====== Data for this exercise

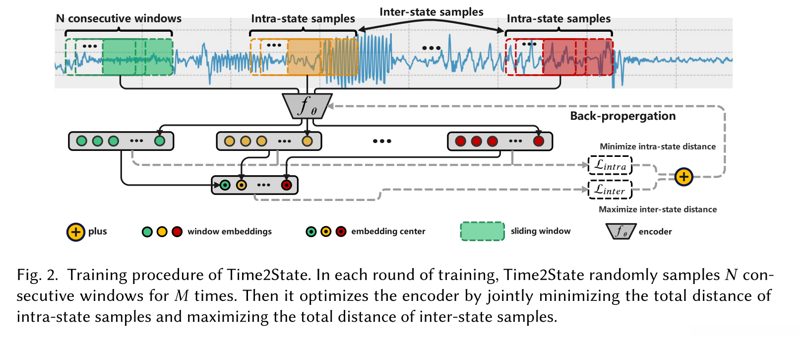 在训练阶段,我们训练编码器从原始时间序列中学习可区分的表示。两种观察:1)如果每个窗口都有一个状态,那么连续N窗口形成一个长度N的状态序列,其中这些N状态可能是相同的。我们称N状态内样本。状态内样本的表示在嵌入空间中应该是接近的。
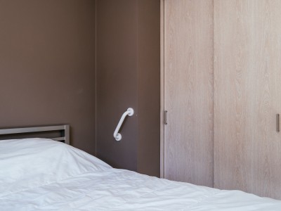 Die Wohnung ist für Menschen mit eingeschränkter Mobilität eingerichtet, unter anderem mit einer erhöhten Wandtoilette mit Griffen, einer begehbaren Dusche mit rutschfestem Boden anstelle einer Badewanne und einem Schlafzimmer mit einem erhöhten Bett in Sitzhöhe mit einem Handgriff.
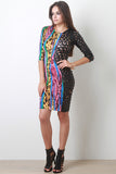 Featuring smooth stretch knit, abstract animal print, contrasting leatherette paneling with enlarged perforation, round neckline, three-quarter sleeves, and finished with stitching detail. Accessories sold separately. Made in U.S.A. 95% Polyester, 5% Spandex.
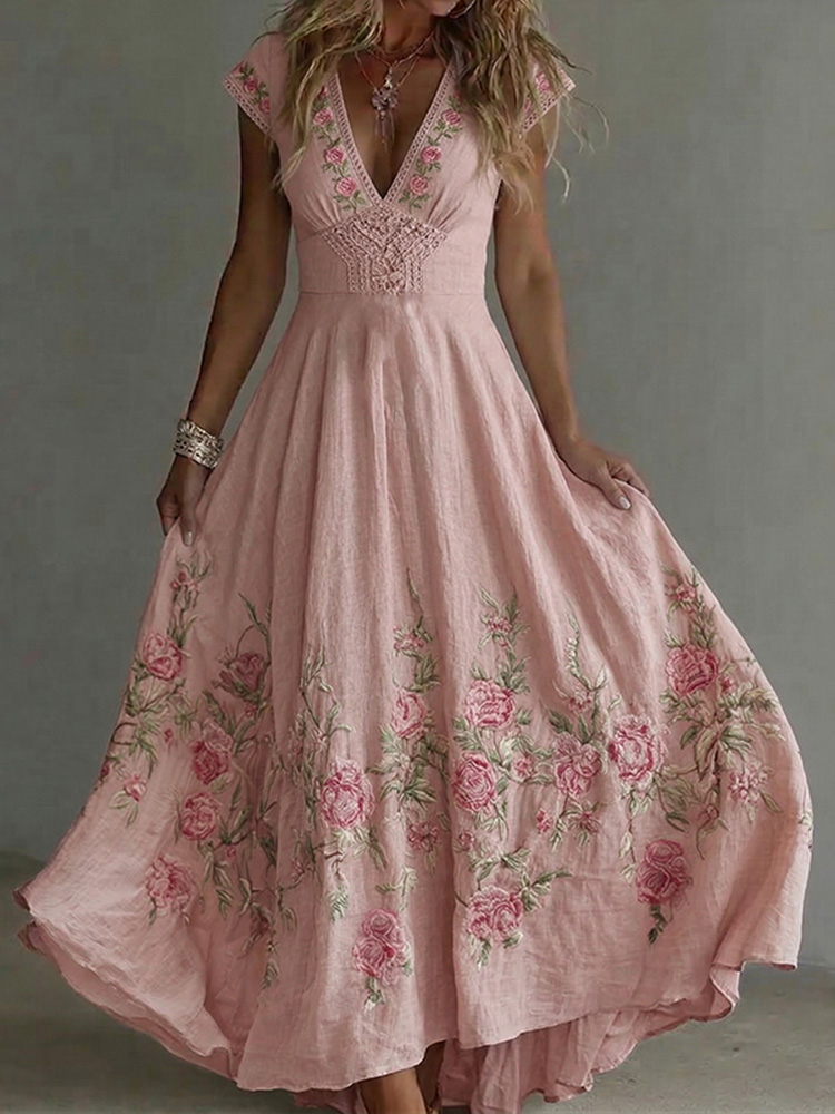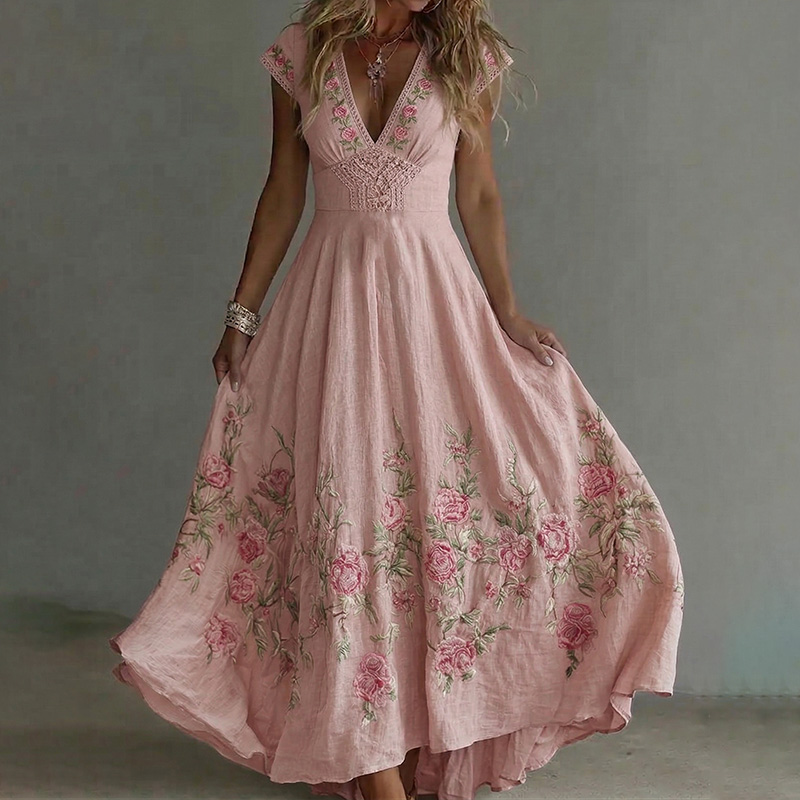 Women's Vintage Rose Floral Art Flowy Linen Blend Maxi Dress – lolonb
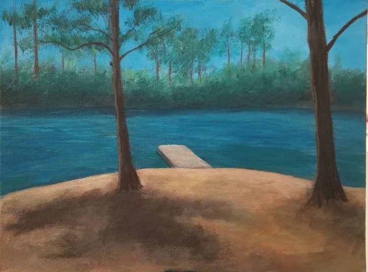 Update: I’ve just finished my first round of tweaking of my pond painting. And although I worry it looks more like a tropical lagoon than a Virginia pond at this point, I feeling better about how it’s turning out.
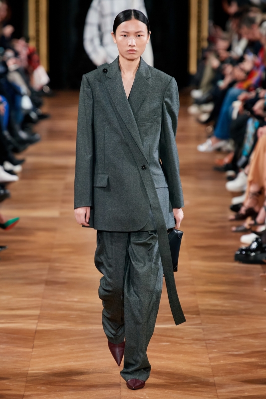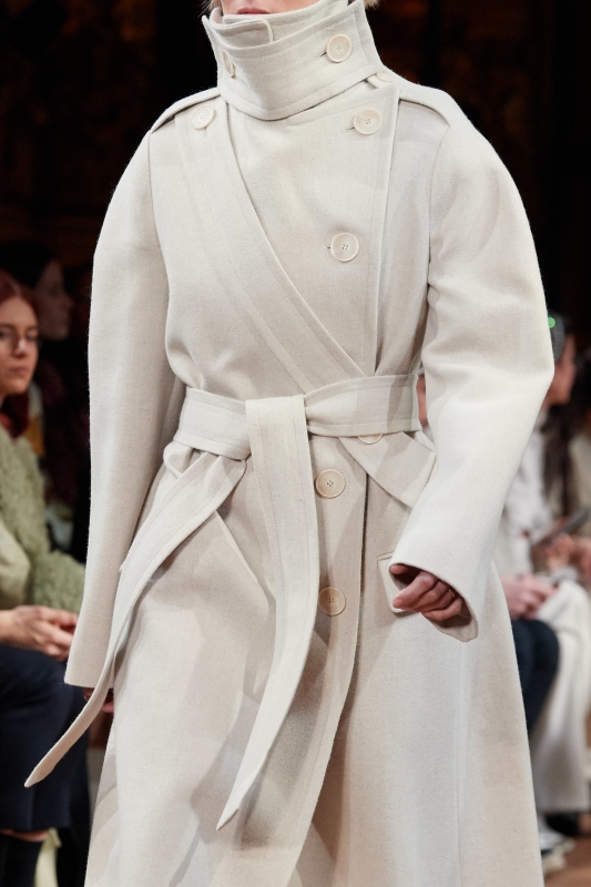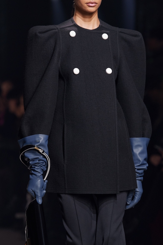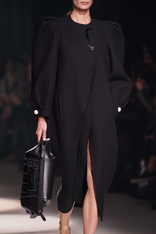 Les silhouettes rétro minimalistes et la sobriété des manteaux aux manches ballons (voir ici et là).
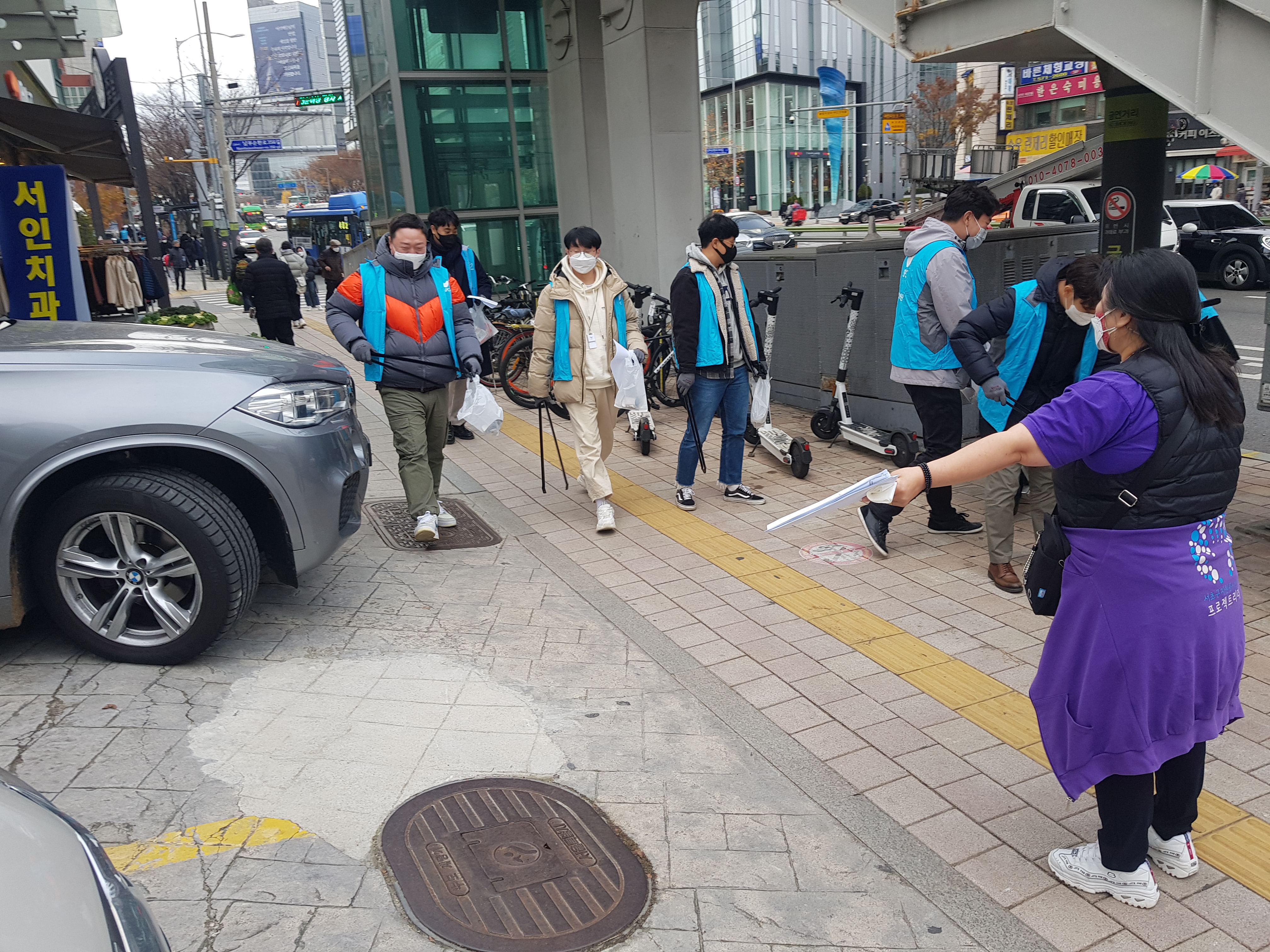 본격적인 줍깅활동 시작에 앞서 활동 일정, 코스안내와 왜 '양재동에서 줍깅을 해야하는지' 이슈와 공감에 대한 안내가 이루어졌는데요!

============

**What the task asks:** Without the pictures, repeat the entries above line by line, from the first through the one that contains "Die Wohnung ist", both ends included.

**Problem solution:**
 在训练阶段,我们训练编码器从原始时间序列中学习可区分的表示。两种观察:1)如果每个窗口都有一个状态,那么连续N窗口形成一个长度N的状态序列,其中这些N状态可能是相同的。我们称N状态内样本。状态内样本的表示在嵌入空间中应该是接近的。
 Die Wohnung ist für Menschen mit eingeschränkter Mobilität eingerichtet, unter anderem mit einer erhöhten Wandtoilette mit Griffen, einer begehbaren Dusche mit rutschfestem Boden anstelle einer Badewanne und einem Schlafzimmer mit einem erhöhten Bett in Sitzhöhe mit einem Handgriff.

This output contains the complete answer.